- Your instructions:
Please copy exactly the part of the records below that opens with the line containing "- 故事地图是对当前已经较为" and closes with the line containing "West Coast Classics", leaving out any pictures.

Start of Exercise material

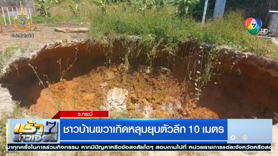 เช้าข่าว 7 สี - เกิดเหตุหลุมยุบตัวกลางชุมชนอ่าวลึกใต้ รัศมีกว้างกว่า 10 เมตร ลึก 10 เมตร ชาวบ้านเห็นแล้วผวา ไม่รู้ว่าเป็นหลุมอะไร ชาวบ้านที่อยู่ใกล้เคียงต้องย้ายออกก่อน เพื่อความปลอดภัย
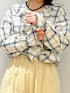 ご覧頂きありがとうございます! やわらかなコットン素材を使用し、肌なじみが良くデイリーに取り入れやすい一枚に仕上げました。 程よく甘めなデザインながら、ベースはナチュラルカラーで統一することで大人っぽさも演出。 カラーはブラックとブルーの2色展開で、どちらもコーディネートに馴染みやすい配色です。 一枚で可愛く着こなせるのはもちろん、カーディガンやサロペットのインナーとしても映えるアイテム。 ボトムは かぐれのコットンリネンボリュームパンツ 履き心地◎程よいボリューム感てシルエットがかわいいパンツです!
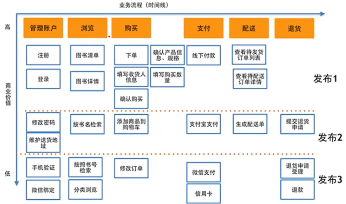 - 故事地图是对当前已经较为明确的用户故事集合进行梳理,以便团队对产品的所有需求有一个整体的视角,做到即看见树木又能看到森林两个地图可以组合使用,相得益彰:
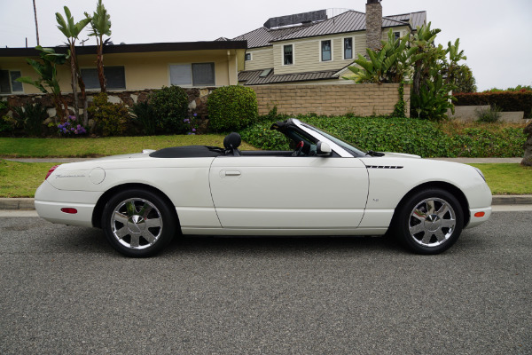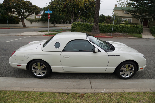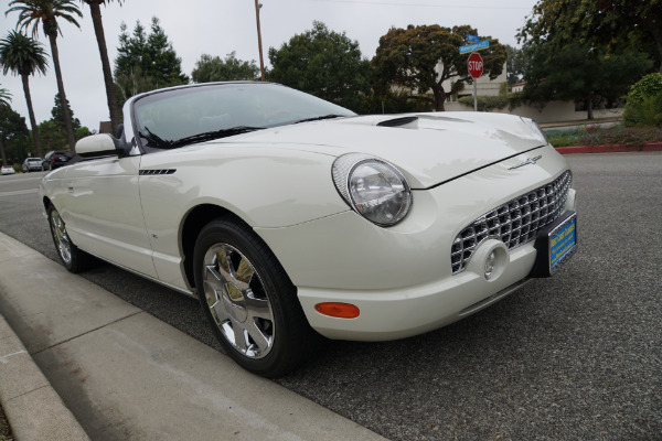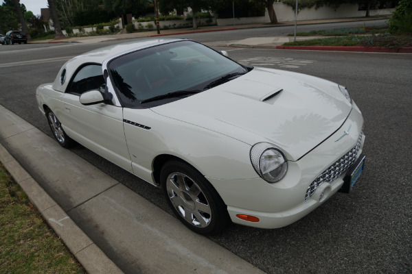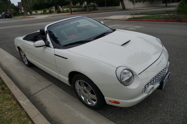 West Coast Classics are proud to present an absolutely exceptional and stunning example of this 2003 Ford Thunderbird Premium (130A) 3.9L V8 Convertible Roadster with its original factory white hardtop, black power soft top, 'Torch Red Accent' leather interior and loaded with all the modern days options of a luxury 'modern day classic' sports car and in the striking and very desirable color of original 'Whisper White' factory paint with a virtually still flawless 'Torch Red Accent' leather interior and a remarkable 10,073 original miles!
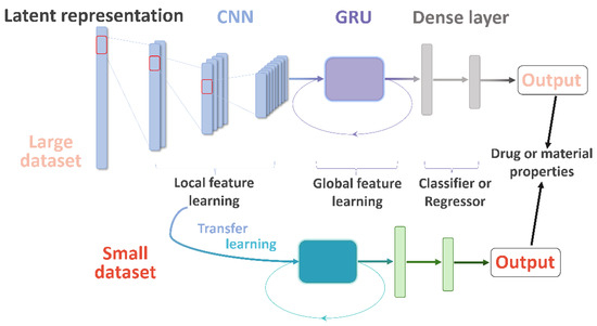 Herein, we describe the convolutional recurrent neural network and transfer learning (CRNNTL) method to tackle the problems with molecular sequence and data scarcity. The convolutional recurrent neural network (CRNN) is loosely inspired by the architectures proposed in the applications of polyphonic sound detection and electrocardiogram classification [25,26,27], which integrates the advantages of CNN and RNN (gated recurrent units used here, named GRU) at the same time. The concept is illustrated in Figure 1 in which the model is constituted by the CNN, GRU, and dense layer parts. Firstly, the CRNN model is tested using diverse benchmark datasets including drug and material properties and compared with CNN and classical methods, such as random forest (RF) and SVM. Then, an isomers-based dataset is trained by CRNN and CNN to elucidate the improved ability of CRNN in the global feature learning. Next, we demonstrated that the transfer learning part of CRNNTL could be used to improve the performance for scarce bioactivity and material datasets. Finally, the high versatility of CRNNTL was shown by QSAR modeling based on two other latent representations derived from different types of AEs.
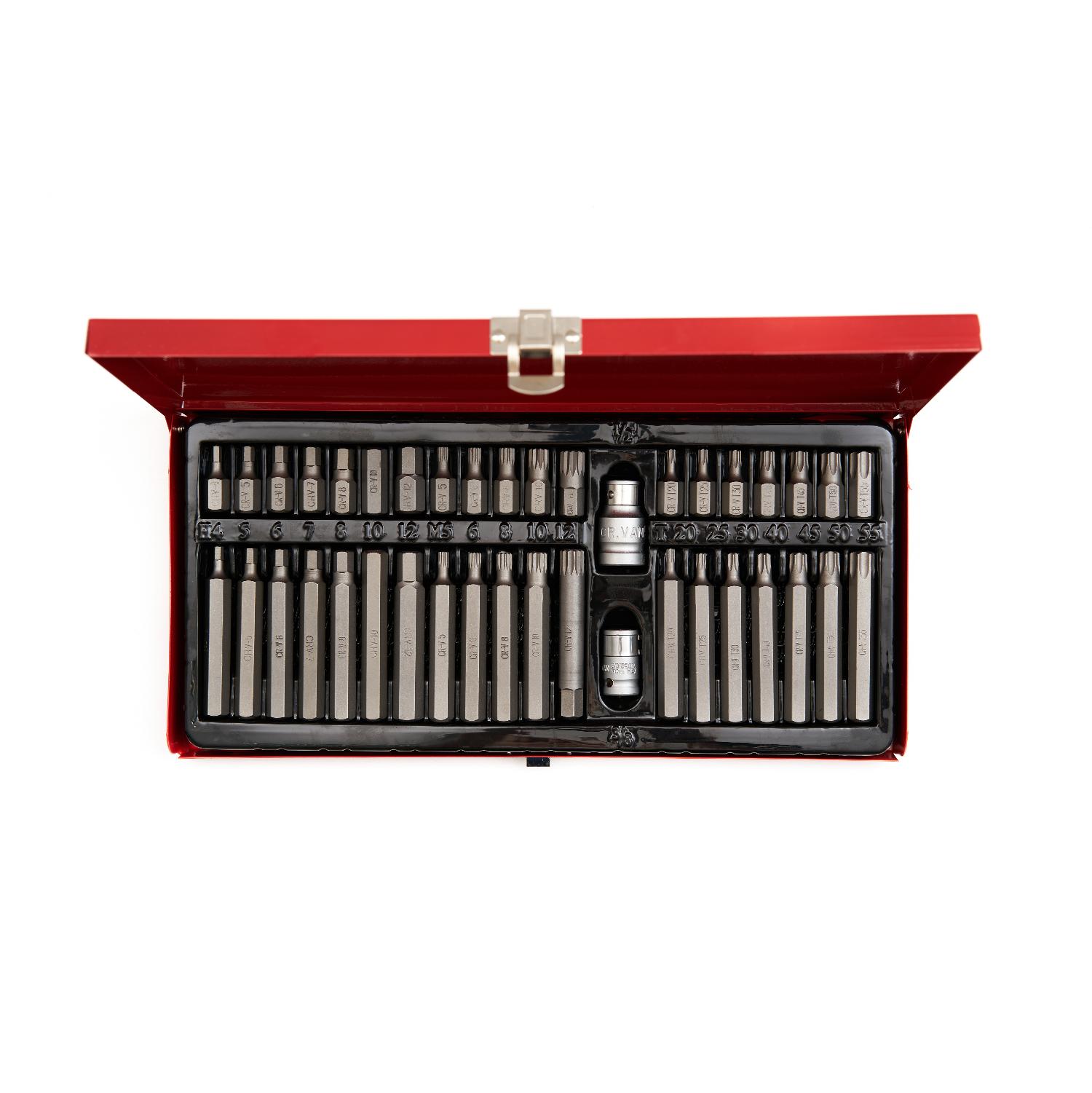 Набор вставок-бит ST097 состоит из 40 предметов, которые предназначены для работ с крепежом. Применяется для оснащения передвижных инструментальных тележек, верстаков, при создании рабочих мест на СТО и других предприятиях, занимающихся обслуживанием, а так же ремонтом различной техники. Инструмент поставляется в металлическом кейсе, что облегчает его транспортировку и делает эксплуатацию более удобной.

End of Exercise material
Start of Exercise material

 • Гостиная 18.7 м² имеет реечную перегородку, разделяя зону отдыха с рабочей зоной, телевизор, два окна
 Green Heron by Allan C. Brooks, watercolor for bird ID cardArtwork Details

End of Exercise material

- Output of the exercise:
 - 故事地图是对当前已经较为明确的用户故事集合进行梳理,以便团队对产品的所有需求有一个整体的视角,做到即看见树木又能看到森林两个地图可以组合使用,相得益彰:
 West Coast Classics are proud to present an absolutely exceptional and stunning example of this 2003 Ford Thunderbird Premium (130A) 3.9L V8 Convertible Roadster with its original factory white hardtop, black power soft top, 'Torch Red Accent' leather interior and loaded with all the modern days options of a luxury 'modern day classic' sports car and in the striking and very desirable color of original 'Whisper White' factory paint with a virtually still flawless 'Torch Red Accent' leather interior and a remarkable 10,073 original miles!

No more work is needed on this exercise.